Question

Solve the following quadratic equations by factorization: \[\frac{2}{x + 1} + \frac{3}{2(x - 2)} = \frac{23}{5x}; x \neq 0, - 1, 2\]

Answer 1

\[\frac{2}{x + 1} + \frac{3}{2(x - 2)} = \frac{23}{5x}\]

\[ \Rightarrow \frac{4(x - 2) + 3(x + 1)}{2(x - 2)(x + 1)} = \frac{23}{5x}\]

\[ \Rightarrow \frac{4x - 8 + 3x + 3}{2( x^2 + x - 2x - 2)} = \frac{23}{5x}\]

\[ \Rightarrow \frac{7x - 5}{2 x^2 - 2x - 4} = \frac{23}{5x}\]

\[ \Rightarrow 5x\left( 7x - 5 \right) = 23\left( 2 x^2 - 2x - 4 \right)\]

\[ \Rightarrow 35 x^2 - 25x = 46 x^2 - 46x - 92\]

\[ \Rightarrow 46 x^2 - 35 x^2 - 46x + 25x - 92 = 0\]

\[ \Rightarrow 11 x^2 - 21x - 92 = 0\]

\[ \Rightarrow 11 x^2 - 44x + 23x - 92 = 0\]

\[ \Rightarrow 11x(x - 4) + 23(x - 4) = 0\]

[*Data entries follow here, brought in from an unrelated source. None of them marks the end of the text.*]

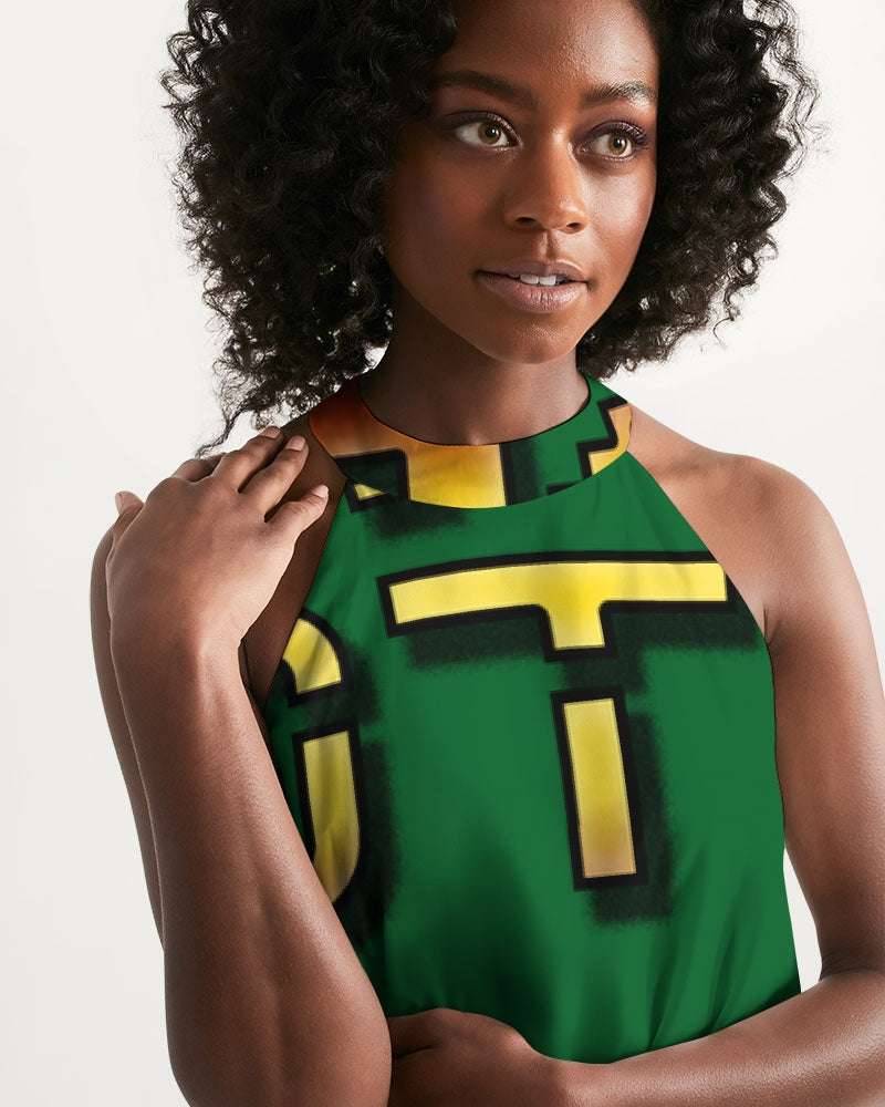 About The ArtNATURE ZONE GETTING BACK TO THAT NATURAL ZONE Product DetailsElegant yet simple, your personalized design will look phenomenal in our Women's Halter Dress. Handmade from polyester chiffon material and fastened in the back with two chic pearl buttons.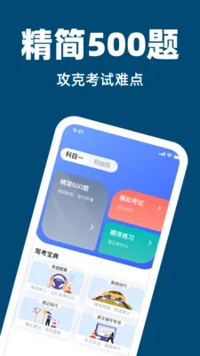 驾考科目刷题最新手机版是驾考备考好帮手。有精简500题助掌握核心,模拟考试还原考场,可按自身选章节练题、看错题解析。还有答题技巧板块,操作简单,为驾考之路助力,新版已更新。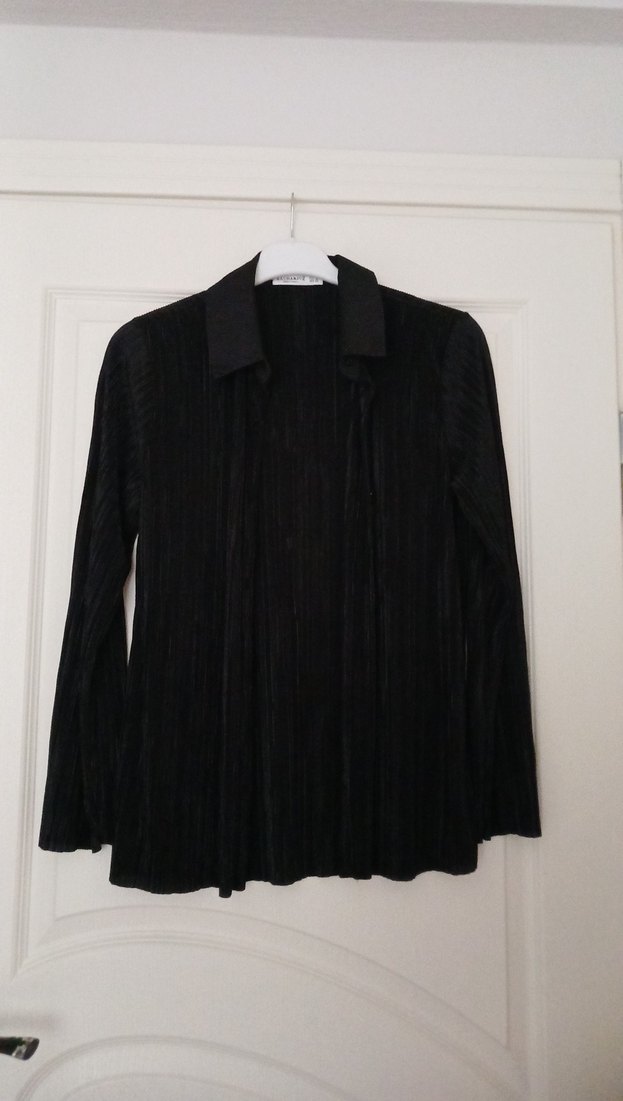 Kadın Siyah Uzun Kollu Pilili gömlek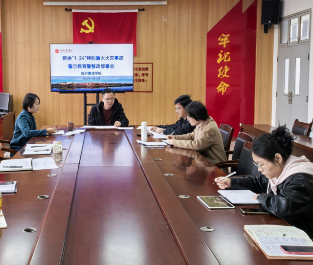 为深刻吸取事故教训,确保师生安全,经济管理学院于11月25日上午在学院会议室召开了关于新余“124”特别重大火灾事故警示教育暨整改布置会。 会议由学院党委书记王茂洋主持,他指出,新余“124”特别重大火灾事故,...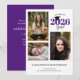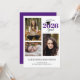 Denna rena och moderna inbjudan till studenten erbjuder en 3-fotokollage på vit bakgrund. Utformningen är accentuerad med lila och innehåller anpassningsbar på framsidan och baksidan.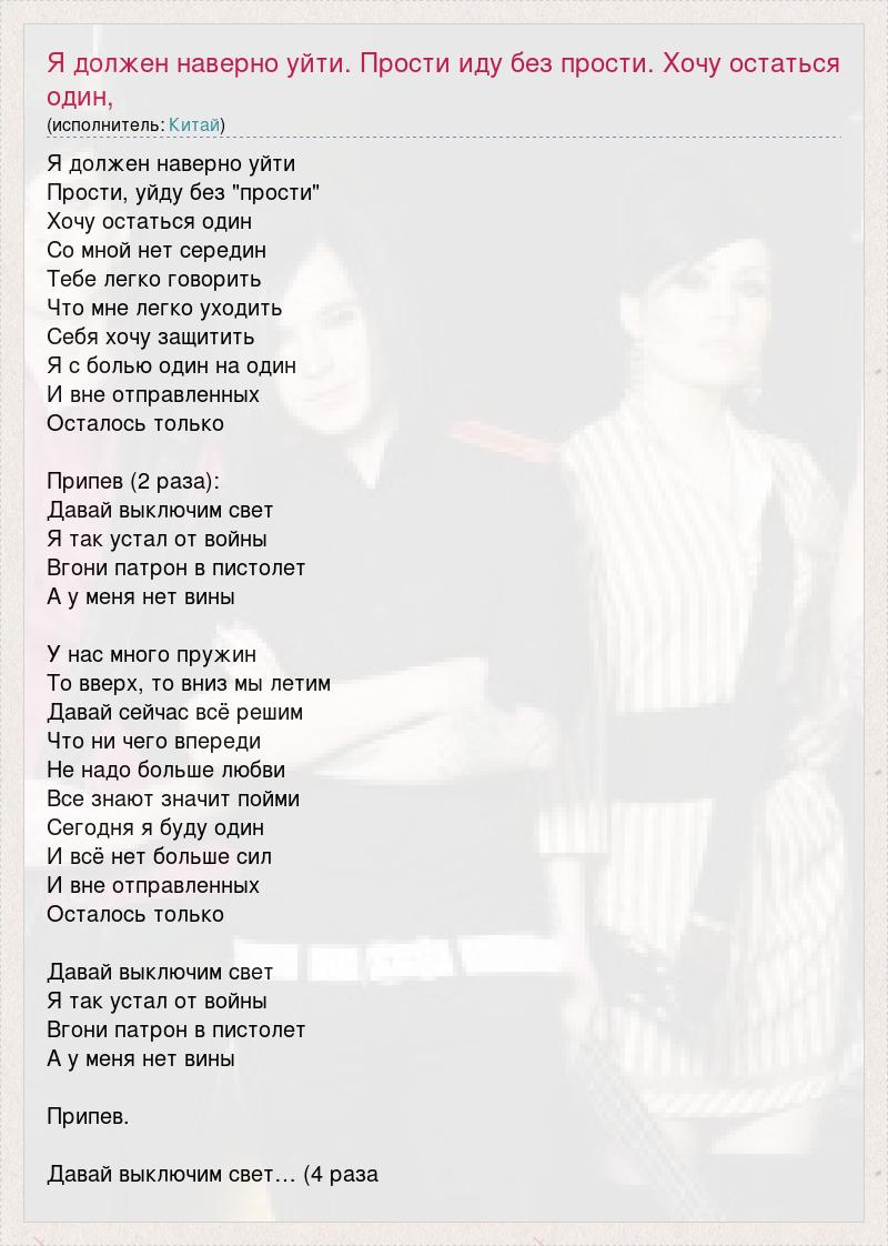 Я должен наверно уйти Прости, уйду без "прости" Хочу остаться один Со мной нет середин Тебе легко говорить Что мне легко уходить Себя хочу защитить Я c болью один на один И вне отправленных Осталось только Припев (2 раза): Давай выключим свет Я так устал от войны Вгони патрон в пистолет А у меня нет вины У нас много пружин То вверх, то вниз мы летим Давай сейчас всё решим Что ни чего впереди Не надо больше любви Все знают значит пойми Сегодня я буду один И всё нет больше сил И вне отправленных Осталось только Давай выключим свет Я так устал от войны Вгони патрон в пистолет А у меня нет вины Припев. Давай выключим свет… (4 раза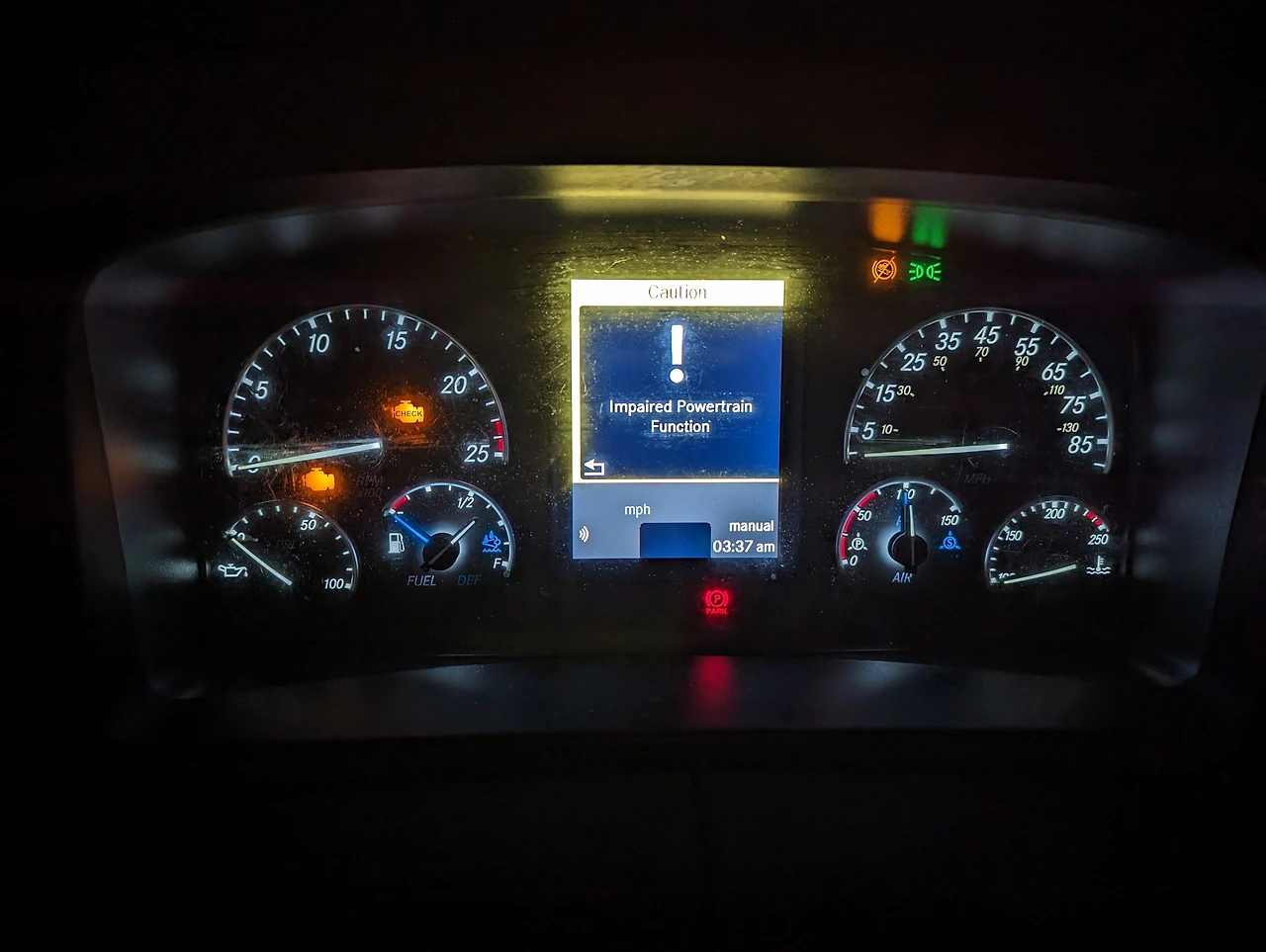 새벽 2시에 일어나 준비하고 출발했다. 휴게소에서 10분 휴식을 제외하면 논스탑으로 배달처까지 달렸다. 도로 상태는 양호했지만, 스모키 마운틴을 넘는 코스는 험난했다. 바짝 긴장하고 운전했다. 오늘 아침 시동걸 때 Impaired Powertrain Function 에러가 떴기 때문이다. 에러 메시지는 잠시 후 사라졌지만, 지난 번 사고 나던 날도 그랬다. 무슨 징조인가 싶어 조심 조심 더 조심했다.

\[ \Rightarrow (11x + 23)(x - 4) = 0\]

\[ \Rightarrow 11x + 23 = 0 \text { or } x - 4 = 0\]

\[ \Rightarrow x = - \frac{23}{11} \text { or } x = 4\]

Hence, the factors are 4 and \[- \frac{23}{11}\].